Odds & Ends: Tombstones on The Internet
Or Why Anything You Delete Might Not Actually Be Gone
Imagine this situation:
You just signed up for Face+, a new social media service. You find family and friends here, and you are just ecstatic about all the new bells and whistles. Suddenly, an ex finds you and sends you a message. OMG, what a stalker! You write back a nasty reply and post it. A few hours later you realize that you might have made a mistake, so you delete your reply and compose a more thoughtful one that doesn't include threats of bodily harm.
Here's the big question: was your original reply really deleted?
To answer this question, first we need to discuss how information is stored on the Internet.
The vast majority of data on the Internet is stored via a distributed system. This means your data is physically stored on multiple computers in various locations, so that you have access to your data regardless of where you are and what's going on in the real world. For example, if Houston has a flood and all local data centers go offline, all of the information needs to be replicated in other data centers so that users aren't impacted by the outage. All of the major players on the Internet do this, which explains why a random hard drive failing in a data center doesn't lose data for anyone.
This distribution of data means that to truly delete something, you need to delete that piece of information off of all the hard drives in every location, which is somewhat of a logistics nightmare. To combat the problem, tombstones were created. A tombstone is a placeholder that states a piece of data has been deleted. When information flows around the Internet, all the pointers to the data now find a tombstone, so whomever or whatever is looking for the deleted information is told that that data has been deleted.
The problem comes from how and when tombstones are deleted. You see, I/O (input/output) is expensive, as is CPU cycles. But storage mediums, such as hard drives, are relatively cheap. So leaving tombstones around for a long time is not a problem because they take up a tiny amount of space. What matters to most users, though, is that the data referenced by the tombstone is only marked for deletion. There is nothing to say the data has been deleted from the hard drive.
There are a lot of practices in place for how and when to defragment disks, how to store and retrieve data in a timely fashion, and how to manage data centers.

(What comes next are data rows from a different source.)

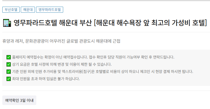 ㆍ얼리 체크인 및 레이트 체크아웃은 당일 현장에서 문의 부탁드리며, 별도 비용이 발생할 수 있습니다.
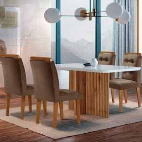 Com espaco ideal para dispor as melhores receitas e recepcionar a sua familia, a sala de jantar Olimpia com cadeiras Carol e um movel completo em todos os sentidos. O conjunto e compacto, possui sua estrutura em MDF e acabamento em pintura UV, que proporcionam melhor durabilidade ao produto. As cadeiras tem um designer sofisticado, misturando o moderno e o classico com seu encosto em detalhes de botoes, trazendo conforto e elegancia para seu lar. Possui puxador na parte superior do encosto para facilitar a movimentacao e evitar o toque ao tecido. Caracteristicas: Contem vidro Tampo canto curvo Estrutura em MDF Acabamento em Pintura UV Dimensoes Mesa: Altura: 80 cm Largura: 120 cm Profundidade: 80 cm Dimensoes Cadeira: Altura: 102,5 cm Largura: 42 cm Profundidade: 56 cm Garantia do Fornecedor 3 meses Informacoes importantes : As tonalidades das cores podem sofrer alteracao de acordo com a configuracao de cada monitor. Os objetos que ambientam as fotos nao acompanham o produto. Nao disponibilizamos a montagem do produto. O produto acompanha manual de montagem. Nao nos responsabilizamos por danos no produto causados por montagem de qualquer outra forma que nao seja a descrita no manual. Verifique as dimensoes do produto e certifique-se que o percurso que ele fara ate o local de uso permite sua passagem. Moderna Mobilia reserva o direito de alterar as especificacoes tecnicas sem previo aviso. As medidas contidas no site podem sofrer variacoes de acordo com a montagem, tipo de costura etc.
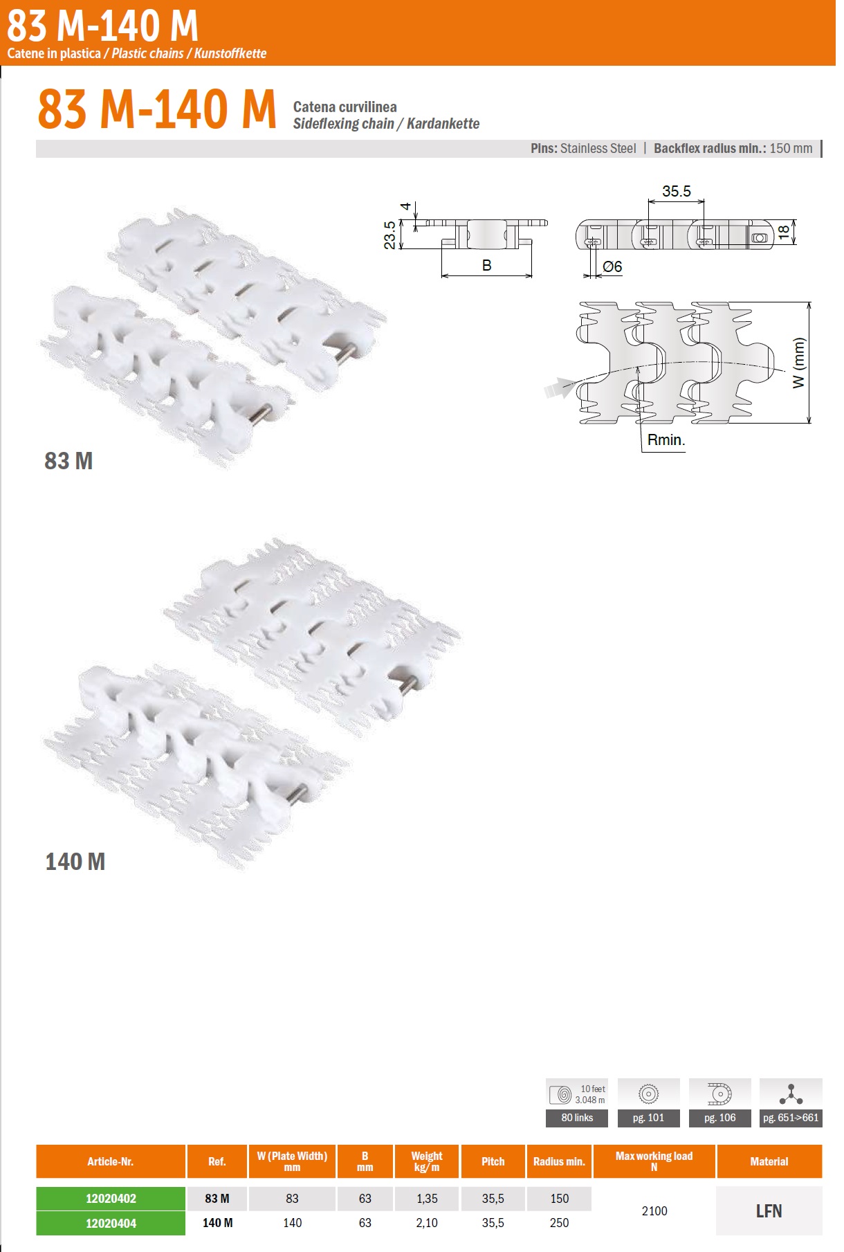 Поворотные цепи 83 M, 140 M имеют ширину 83мм-140мм (подробнее в характеристиках). Максимальная нагрузка 2100Н, радиус поворота до 250мм.

These practices balance the need to provide fast service with the expense of a data center. To get faster service, you can:
Increase the CPU speed
Increase the amount of memory
Increase the speed of the hard drives
Increase the speed of the network connection
Increase the I/O speed by not doing a lot of writes and keeping related data physically close on the media for faster reads
The last bullet point is key to this discussion. By using tombstones, reads are much faster and with a definite answer if someone asks for a piece of data that has been marked for deletion. Without a tombstone, a request comes back "not found" with no reason behind the error. With a tombstone, a request comes back "data has been deleted".
What does this mean for the average user? Basically, if you delete something from the Internet, you will probably lose the ability to access that piece of data through regular websites. But that does not mean that your data has been physically deleted from all of the places where it exists in data centers.
So to answer the original question, your original reply is marked with a tombstone, but there is no guarantee as to when it will be deleted or how long it will remain hidden on the hard drives.